Chapter 13 bankruptcy in Florida is also referred to as Wage Earner’s plan. It allows people with regular income to generate a plan to repay their debts. This chapter allows debtors to extend a repayment plan to make regular installments to the creditors over the course of a specific period (three to five years).

If the debtor’s income is less than the applicable median, then the plan will be valid for three years unless a longer period is provided by the court. If the income is higher than the applicable state median, this plan can be five years long. In no case will be the plan extended over the five year period.

Bankruptcy
Bankruptcy

How Chapter 13 Functions?

Chapter 13 commence by filing a bankruptcy petition in the court where the debtor resides. The debtor must file certain document including –

  • Assets and liabilities schedules.
  • Latest income and expenditure schedule.
  • Executory contracts and unexpired leases.
  • Statement of finance.

The debtor should also submit a certificate of credit counseling along with a copy of the debt repayment plan and income evidence. The individual should also offer the trustee a copy of the tax return.

A couple can file a joint petition. The court typically charges a case filing fee of USD 235 and USD 75 as a miscellaneous administrative fee. The fee is paid to the clerk during the filing; however, if the court grants permission, the debtor can pay the fees in installment.

Once a debtor has filed a petition of Chapter 13, the court appoints a trustee to administrate the case. The trustee assesses the case and acts as an agent who collects the payment from the debtor and distributes it to creditors. While a majority of the collection action is stopped after filing Chapter 13, some debt collection action remains open.

During the stay period, collectors cannot take any action against debtors.
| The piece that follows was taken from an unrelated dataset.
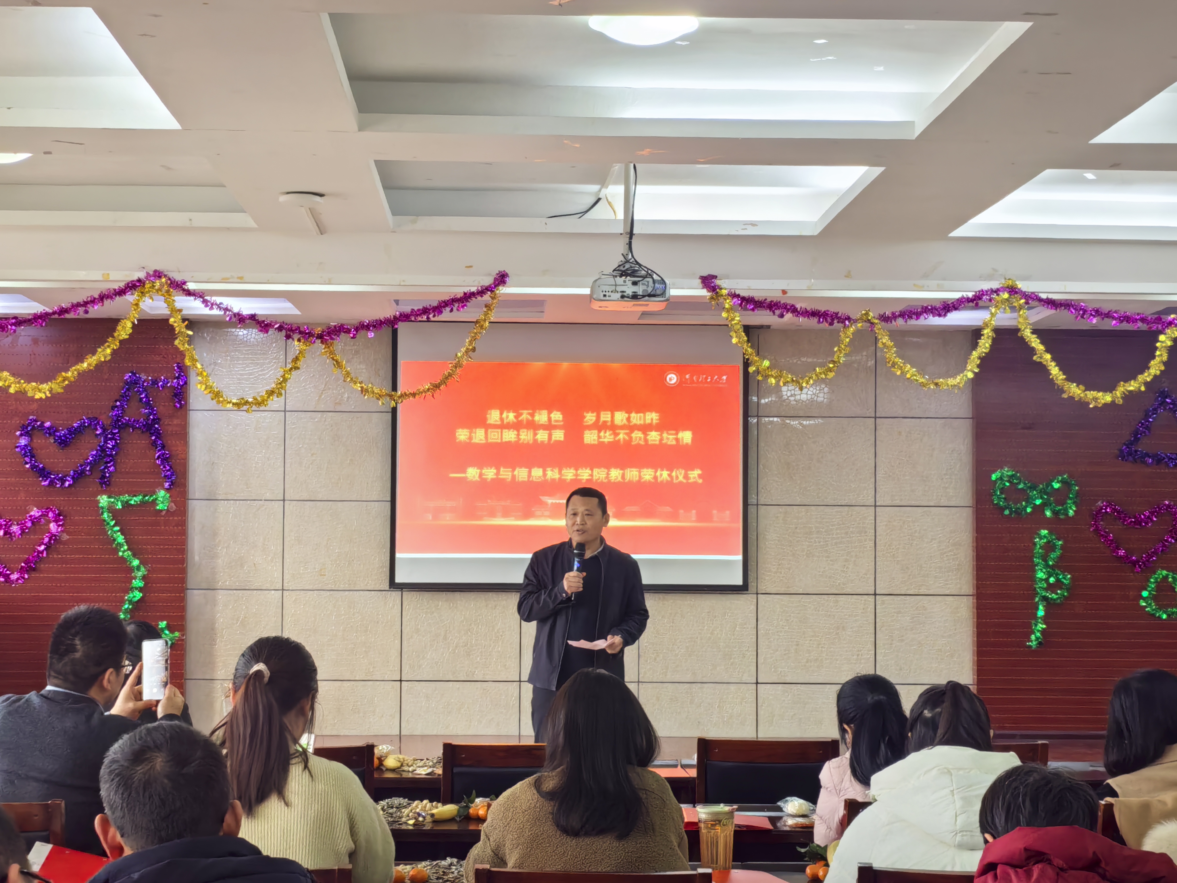 最后,学院党委书记刘春德作总结讲话。他用“一支粉笔两袖风华,三尺讲台四季晴雨”高度概括了退休教师的育人情怀与奉献精神。他指出,五位老师既是同事,也是长辈与榜样,他们身上彰显的数信人精神,是学院最宝贵的财富。他希望退休教师们能好好享受退休生活,常回“家”看看,同时鼓励全院教职工以退休教师为榜样,传承爱岗敬业、深耕育人的优良作风,为学院高质量发展贡献力量。

Additionally, unless creditors have the authority from the court, they cannot take collection action against the co-debtor as well. The stay also protects the debtor’s home from foreclosure.
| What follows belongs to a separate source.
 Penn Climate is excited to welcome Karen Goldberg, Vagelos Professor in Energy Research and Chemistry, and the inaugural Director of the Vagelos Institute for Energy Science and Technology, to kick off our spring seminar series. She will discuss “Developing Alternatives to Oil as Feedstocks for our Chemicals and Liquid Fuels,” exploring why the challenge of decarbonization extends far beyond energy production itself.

Eligibility for Chapter 13

Any individual inducting self-employed or owner of the unincorporated business is eligible to obtain the benefits of Chapter 13. However, the unsecured debt should less than USD 394, 725, and the number of secured debts should be less than USD 1,184,200. A partnership firm or corporation is not eligible to become Chapter 13 debtor.

Furthermore, an individual cannot access this relief plan if, during the bankruptcy proceeding of 180 days, a petition was dismissed due to the willful failure of the debtor to make an appearance on the court or comply with orders.

An individual cannot be a debtor under Chapter 13 unless with the 180 days of filing bankruptcy acquired credit counseling from a certified counseling agency.

Benefits Offered by Chapter 13

Chapter 13 essentially allows an individual to protect their home from foreclosure in case of bankruptcy. Filing under this chapter, a person can stop the seizing proceeding may remedy aberrant mortgage payment in a specific time period.

During the time when Chapter 13 is in effect, the individual has to make full repayment of the mortgage that is due. Furthermore, Chapter 13 allows people to reschedule their secured debts and extend them over the course of life of this plan. This lowers the overall payment.

Final Words

Chapter 13 encompasses a special provision that safeguards third parties who are co-signer of the debts.

This plan works as a consolidation loan in which a person makes repayment the plan’s trustee who, in turn, distributes the amount to the creditors. The debtor will not have any direct contact with his or her creditors.